A Grave Sin

  • Thread starter Thread starter outfctrl
  • Start date Start date
Status
Not open for further replies.
O

outfctrl

Guest
Prior to my first confession after 30 plus years, I searched my mind and soul for all the sins I committed. I really thought I covered them all. I spent like 15-20 minutes in the confession with the Priest. He went through all the Commandments with me. I felt so relieved afterwards. I have been to 5 more confessions since the first and received Communion every Sunday but one.

Even though I confessed all my sins and go to confession weekly, I regularly search for sins daily that I may have committed in the past. Today I found one over 30 years ago that I never even thought of all those times in Confession.

I am devastated. I committed the worst sin that can be committed, well murder is the worst, never did that. I am sure this sin I committed, no one here has come close to it.

Please give me your thoughts on this. I feel so bad that I received the Eucharist all those times and still had this sin on my soul.

Story:
I was 21 years old and in the Navy. My roomate came to me one day and asked me if I went to Church. I said no, but I am a Catholic. He then brought me some books on this Religion that went against everything I was taught.

It was complete freedom to basically do what you wanted to do and be rewarded in the afterlife. The leader of this Church was a guy named Anton LaVey. I bought books and books of this and I practiced this for around 2 months. What was really wierd was, I always felt sick, like I had the flue or something. I do remember that.

My friend and I went to a tattoo place and he got the inverted pentagram tatooed on his left arm, I was next.
The artist prepared my arm and just when the needle was about to start, I stopped him and refused to get it.

I went home on leave after my schooling and on the long drive from Chicago to Syracuse, the thought of denouncing God was eating away at me. I got home and burned every one of those books and never looked back.
All these memories just surfaced today. For some reason, my mind buried it years ago.

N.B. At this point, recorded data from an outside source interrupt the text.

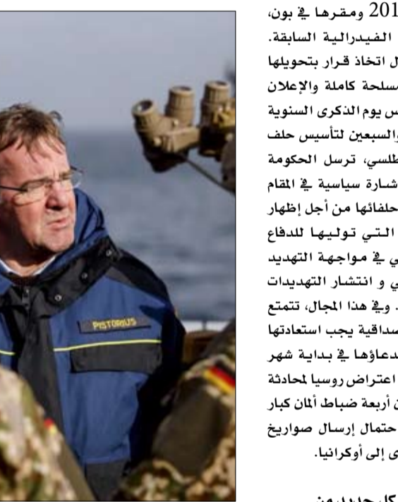
بوريس بيستوريوس وسط جنوده

بحاجة الجيش الألماني، والسؤال الآن هو إلى أي مدى وبأي وتيرة سيتم تنفيذ التغييرات، يوضح سونكي نيترز، أستاذ التاريخ العسكري في الجيش الألماني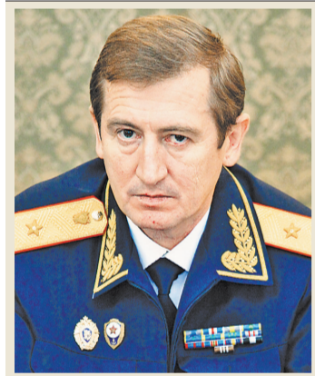
Анатолій Багмет, генерал-майор юстиції, кандидат юридических наук. Окончив Свердловський юридический інститут. Начав працювати помічником прокурора в Національній прокуратурі України в Чельабінську, де пройшов всі прокурорські ступені. Керував слідчим управлінням СК при прокуратурі Москви. В 2011 році указом президента призначений директором Інститута підвищення кваліфікації СКР. Автор і співавтор 50 наукових творів і публікацій.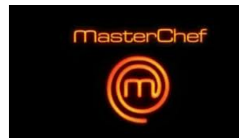
Les 2 finalistes de la prochaine émission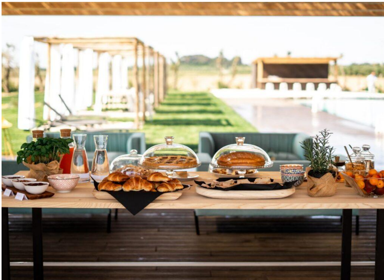
Torte fatte in casa, succhi, marmellate e pane integrale: la colazione.

Pranzo e cena, su richiesta, valorizzano il buono a tavola della Toscana. Da importanti piatti di degustazione con salumi e formaggi del territorio fino a piatti tipici come la Panzanella o le Tagliatelle con ragù di Cinta Senese, poi schiaccie e insalate. Il tutto è accompagnato da una carta di birre artigianali, cocktail o vini di produzione propria! A chiudere? Un'intrigante selezione di amari di aziende locali vicine.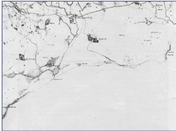
Detalj ur: Skånska rekognosceringskartan 1812 och 1815-1820.

och bildar hedmark. Detta kan man tydligt se på Skånska rekognosceringskartan 1812 och 1815-1820.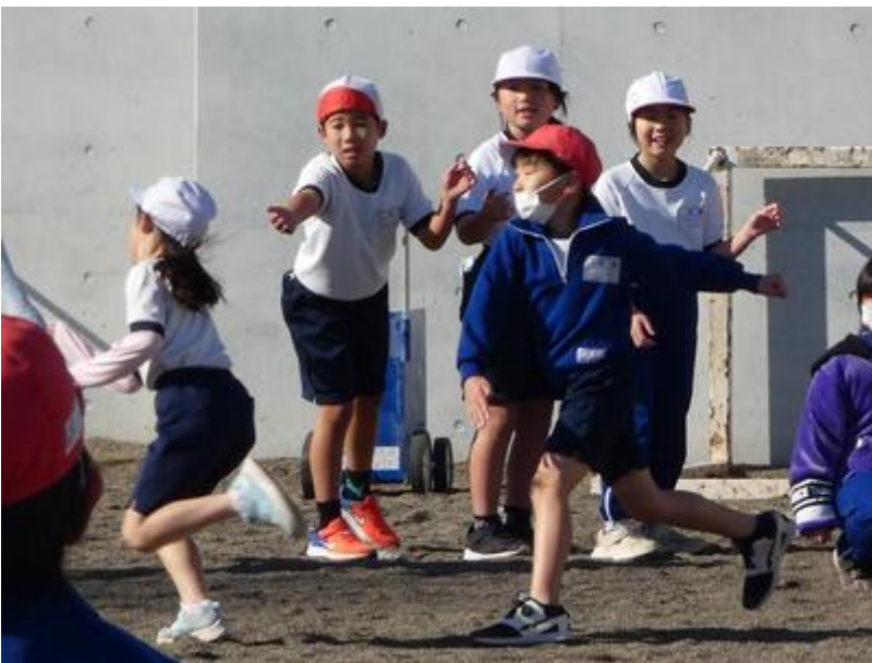
冷たい風もなんのその2年生でした。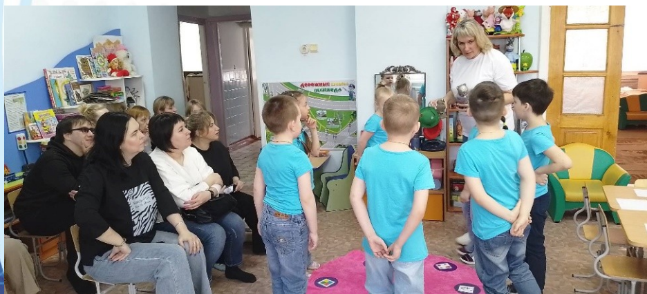
Интегрированное занятие в подготовительной к школе группе на тему «Свойства предметов» в форме игры «Что, где, когда?» (18.03.2024г.)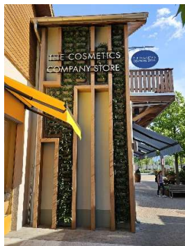
Wandgebundene Begrünung Landquart Fashion Outlet, 2023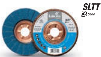
SLTT iQ Serie

Unter dem Familiennamen „iQ-Serie“ bündeln wir Werkzeuge unserer High-Performance-Linie. Mitglieder dieser Familie sind zum Beispiel Schleiflamellenteller, die durch ihre patentierte Lamellenform und -anordnung das Schleifen auf höchstem Niveau gewährleisten.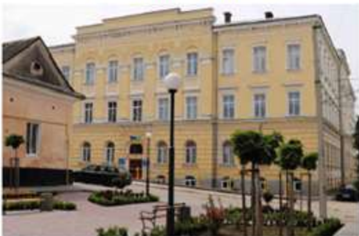
Бережани – 2024

ЗБІРНИК наукових праць за матеріалами IV Всеукраїнської студентської науково-практичної конференції «ПРОБЛЕМИ ТА ПЕРСПЕКТИВИ РОЗВИТКУ ОСВІТИ, НАУКИ ТА ТЕХНОЛОГІЙ В УМОВАХ ВОЄННОГО СТАНУ»

I am really sick about this. Please, please dont yell at me and condemn me. I was young and stupid.

Will something terrible happen to me, receiving the Eucharist all those times with this horrendous sin? If I die tomorrow, is it instant hell?
 
Prior to my first confession after 30 plus years, I searched my mind and soul for all the sins I committed. I really thought I covered them all. I spent like 15-20 minutes in the confession with the Priest. He went through all the Commandments with me. I felt so relieved afterwards. I have been to 5 more confessions since the first and received Communion every Sunday but one

Will something terrible happen to me, receiving the Eucharist all those times with this horrendous sin? If I die tomorrow, is it instant hell?
You had a valid confession and didn’t willingly leave anything out of the confession so, all your sins are forgiven. If you feel this bad, go back to confession and talk to the priest about it. What matters is that you are sorry about what happened in the past and you have shown that you wanted to change.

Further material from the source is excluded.